New Year Traditions

New Year Traditions

As we begin a new year, it is interesting to find out how other countries and cultures celebrate it.

Romanians mark new year by donning bear costumes and furs, and dancing from house to house, in an attempt to keep evil at bay. Other jamborees include “the dance of the goat”, symbolising the death and rebirth of nature, with performers wearing a goat’s head mask covered in fur and complete with real horns.

In Stonehaven, Scotland, there is a custom of parading through the streets on New Year’s Eve while swinging blazing balls of fire around. The tradition traces its roots back to the Vikings.

St Mark’s Square in Venice is known for holding not only a big firework display over the Basin of St Mark but for something far more unusual – a mass kiss-in.

Revellers seeing in the new year in Spain have their mouths full in a traditional attempt to stuff 12 grapes in at once – one for each chime of the clock during the countdown.

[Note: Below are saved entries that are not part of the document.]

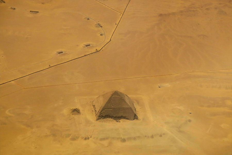 Most of us think of the Great Pyramid as a typical four-sided pyramid. It certainly looks that way from the ground, but hop on a plane and your perspective may shift. The Great Pyramid of Giza has eight sides, and it's only visible from an aerial view. Some people believe this was a way to keep the casing stones from shifting.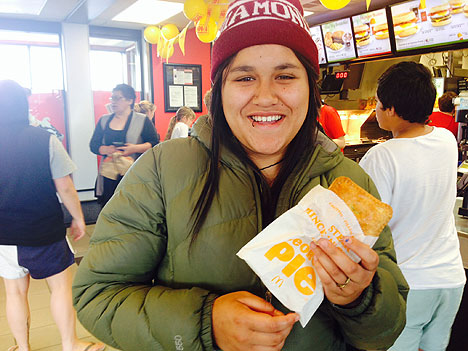 Taylah Kapene from Mount Maunganui enjoys a Georgie Pie.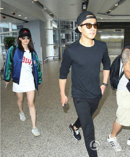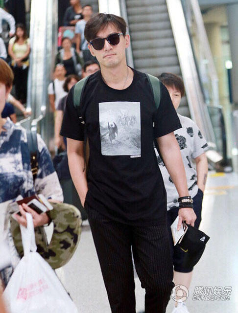 胡歌的机场照插兜很帅气,也可以看出手臂微微弯曲。
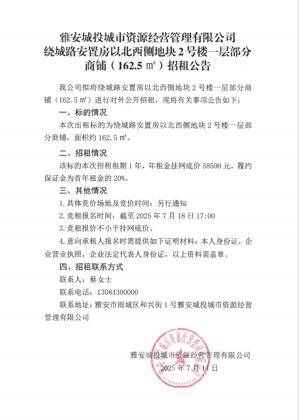 繞城路安置房以北西側地塊2號樓一層部分商鋪(162.5㎡)招租公告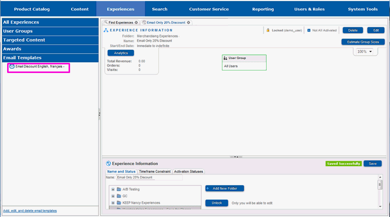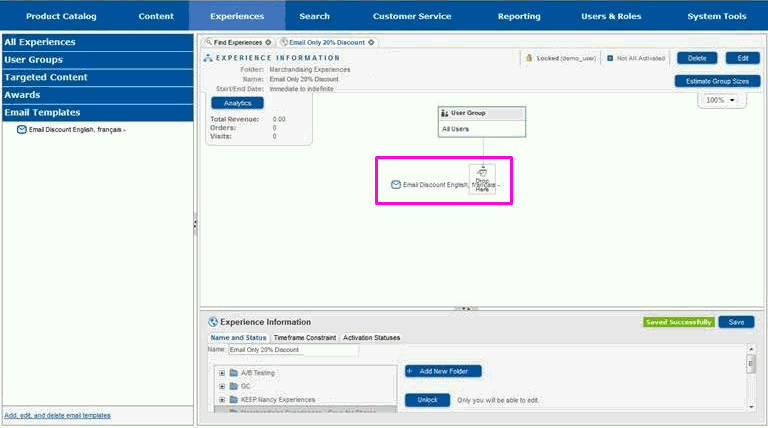 You will see that the outline for the email template box has turned green. This indicates that the email template was successfully modified and saved. The email is now considered active in the experience.
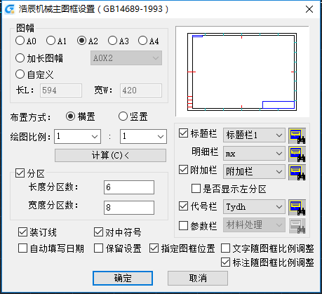 在浩辰CAD機械軟件中,調用菜單欄:【浩辰機械】→【圖紙】→【主圖框修改】或輸入“TZ”命令,就會彈出“浩辰機械主圖框設置”對話框,如圖1所示: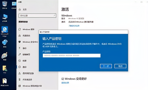 将windows电脑打开,点击左下角的菜单按钮。然后点击设置选项。然后点击更新和安全选项。点击激活选项。可以看到windows系统是否激活,点击更改产品密钥按钮。最后在里面输入产品密钥,点击下一步,确定后就可以激活windows,详细步骤: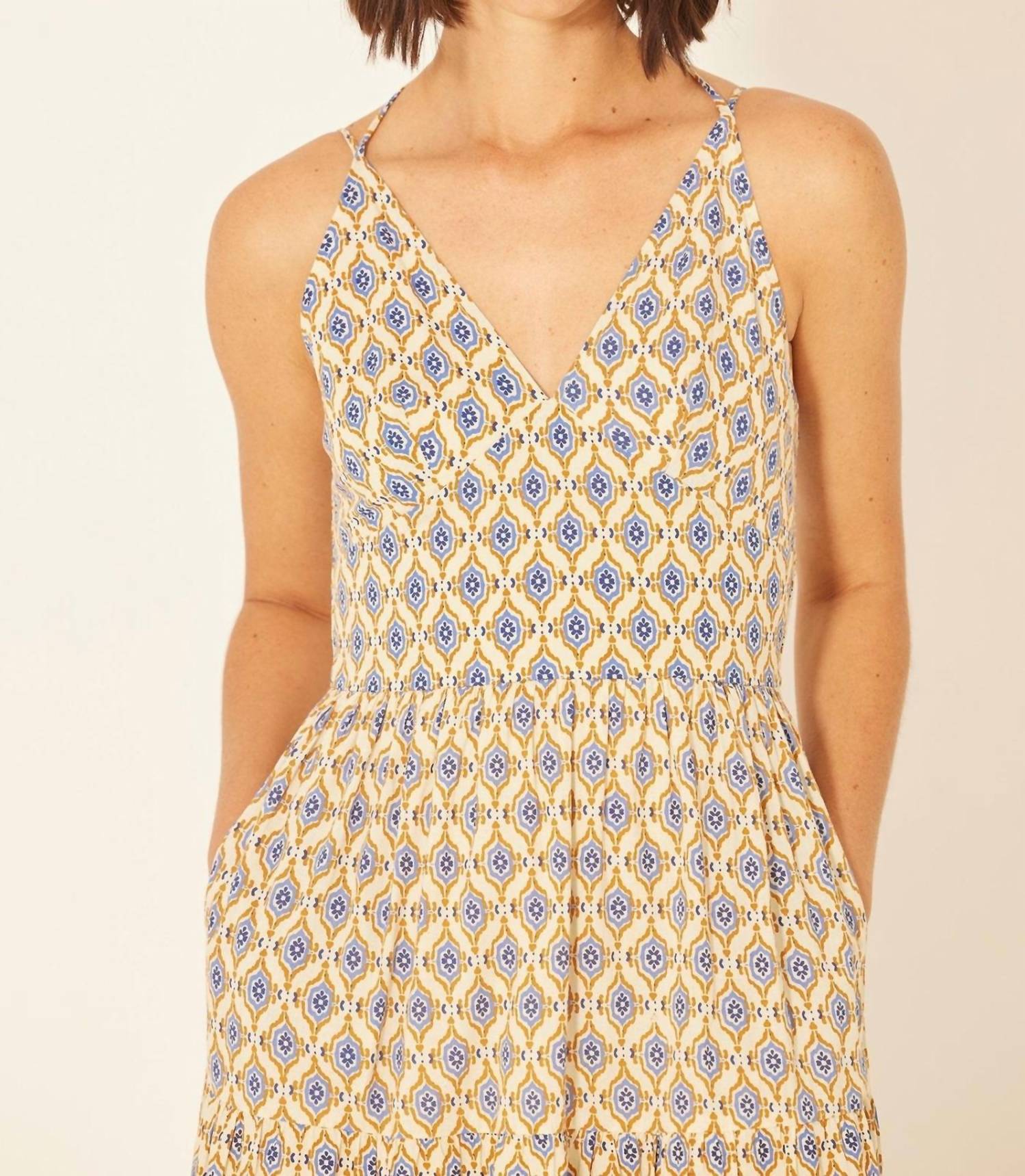 Style this maxi with your favorite statement necklace and sandals for the perfect look. Elevate your summer wardrobe with the Majorca Maxi Dress by BILA77, a stunning sleeveless piece in camel designed for ultimate comfort and style. Made from 100% cotton, this patterned A-line dress boasts a boho chic appeal ideal for vacations. It features a flattering V-neckline and practical pockets. Care instructions include hand washing.

Locals in Talca, central Chile, like to see in the new year in the company of their dead relatives. Thought to have begun when a family broke in one year to be near their dead father, the town mayor now opens the graveyard after late-night mass and thousands sit surrounded by candles while classical music plays.

Food is a big aspect of New Year tradition in Hungary. A dinner of roast pork or kocsonya (cold pork aspic) on New Year’s Eve is supposed to bring a bountiful year as the pork’s rich fat symbolizes prosperity and wealth. But Hungarians avoid eating chicken and fish on New Year’s Eve and Day – winged fowl are supposed to symbolise luck flying away, and fish suggest luck swimming away.

The big New Year’s Eve tradition in Denmark involves smashing plates against your friends’ front doors. It’s a measure of popularity to find a heap of broken china on the doorstep at midnight – according to the tradition, this brings good luck, so the more smashed plates, the more you’ll get. It’s also tradition to jump off a chair at the stroke of midnight – symbolising the leap into the New Year.

Do you have any unusual New Year traditions to share?